シャランと音を立てた鍵達のように、私の心も高鳴っていた。
その個体が完成すれば私にまた兄弟が増える。
それは平和な日々の中で大きな変化だ。
変化は恐怖を伴うが、その変化に足を踏み出せば大きな喜びも生み出す。
変化は同時に痛みも生み出す事もあるが、それでも私は変化を愛し、楽しんでいる。
博士が私に、兄弟達に心を作ってくれて良かったと本当に心から思った。
狭い地下への階段を転がり落ちないように慎重に下りる。
自分だけならボディの凹み程度で済むだろうが、前を行く博士を巻き込んだらぺちゃんこにしてしまう。
地下独特の篭もった匂いのするそこは博士の趣味で様々な実験が行われており、全て表情に出てしまい秘密なんてない博士の唯一謎な部分だった。
勿論博士は隠しても居ないから言えば見せてくれるのだが、私自身この部屋に踏み込むのは数年ぶりだ。
カチンと鍵穴が硬い音を立て、ギィイィと扉が開く。
「わ……ぁ…、」
私は思わず口元を押さえた。
呆然、という表現があっているだろうか?
そこに居たのは今まで育ててきたどの兄弟よりも美しく、人間と見紛うばかりの美しい個体だった。

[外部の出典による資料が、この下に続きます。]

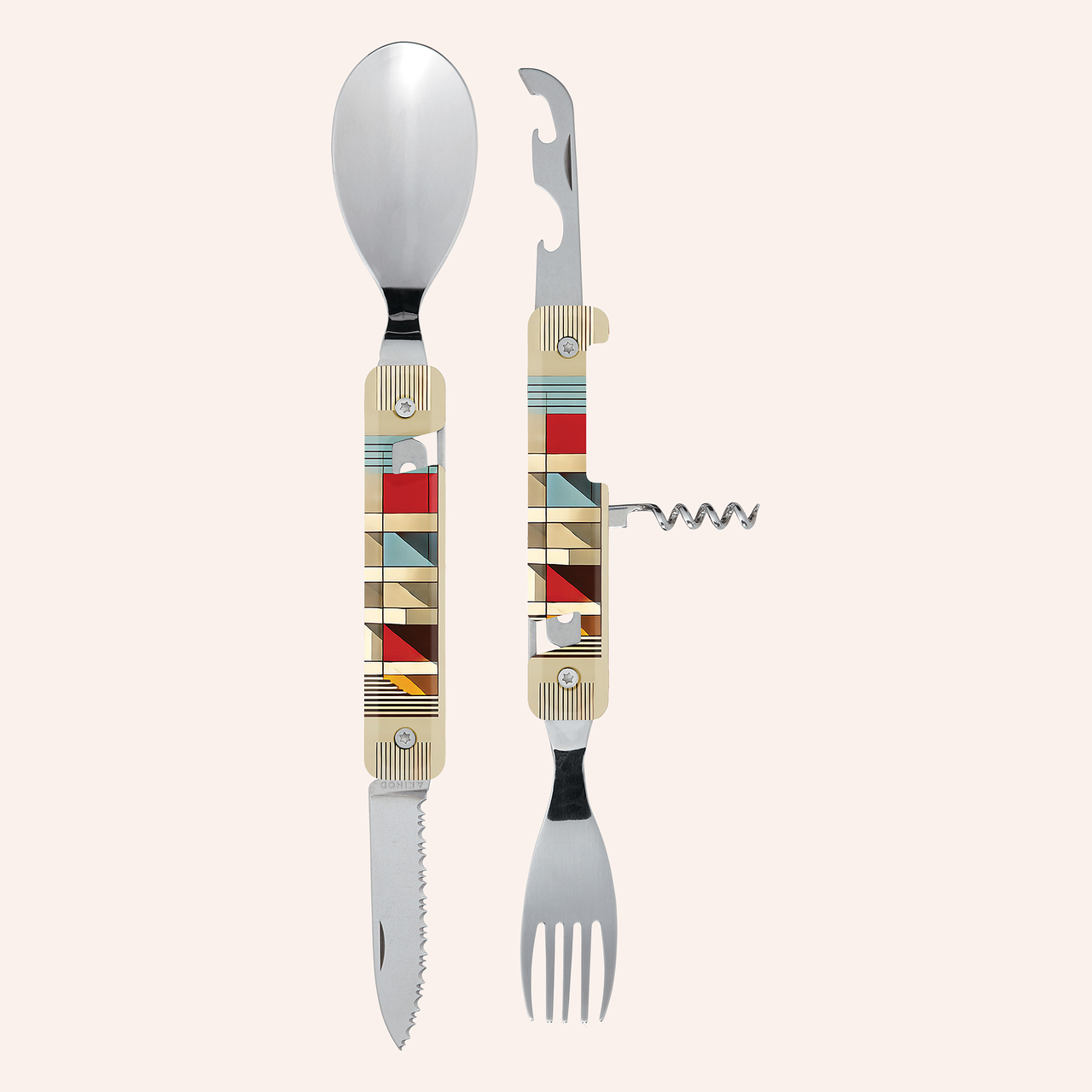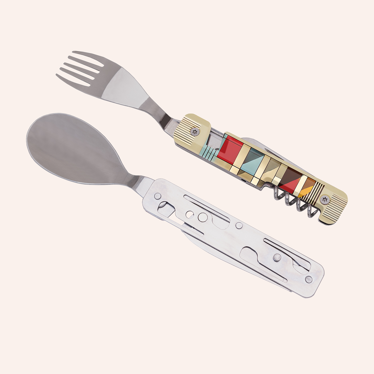 Couverts multifonctions en acier inoxydable martensitique 2CR14,  finition poli miroir. Composé d’une grande cuillère, d’une fourchette 5 dents, d’un couteau à lame micro dentée, d’un tire-bouchon 4 spirales, d’un outre boîte et d’un décapsuleur. Manche en polymère (PC) transparent décoré. Assemblage aimanté. Livré avec étui de transport en polypropylène rigide (PP).

「凄い、こんな繊細な固体初めて見ました。髪の1本1本まで本物と変わらない細やかさだし、肌もとても瑞々しい」
「だけど未完成だ、気に食わない」
「こんなに素晴らしいのに何が気に食わないんです?」
「こんなもんじゃない! もっと、もっっっと美しいはずなんだ、もっと素晴らしいはずなのに。こんなんじゃ本物の足元にも及ばない」
熱く語る博士の目には、燃え滾るような情熱を感じさせた。
どうやらモデルが居るらしいこの個体は、博士の愛が詰まっているようだ。
「こんなに美しい人が居るんですね?」
「うん? こんな人間は存在しないが?」
「えっ、だって博士が仰ったじゃないですか。『本物の足元にも及ばない』って」
「これは君だ、エース」
「…………はい?」
聞き間違いだと思いたいが、私の耳はとても良くて利き間違いは認められない。
「どんなに頑張って技術の粋を集めても、繊細な意匠を凝らしても、今の君の美しさの足元に到底及ばないよ!」
シャツの胸元グッと握り、芝居がかった動きで訴える博士。
自分に酔っているのか、それとも実際に酒でも飲んで酔っているのか。
ここにジャネットが居なくて良かった。
居たらきっと収拾がつかなくなっている。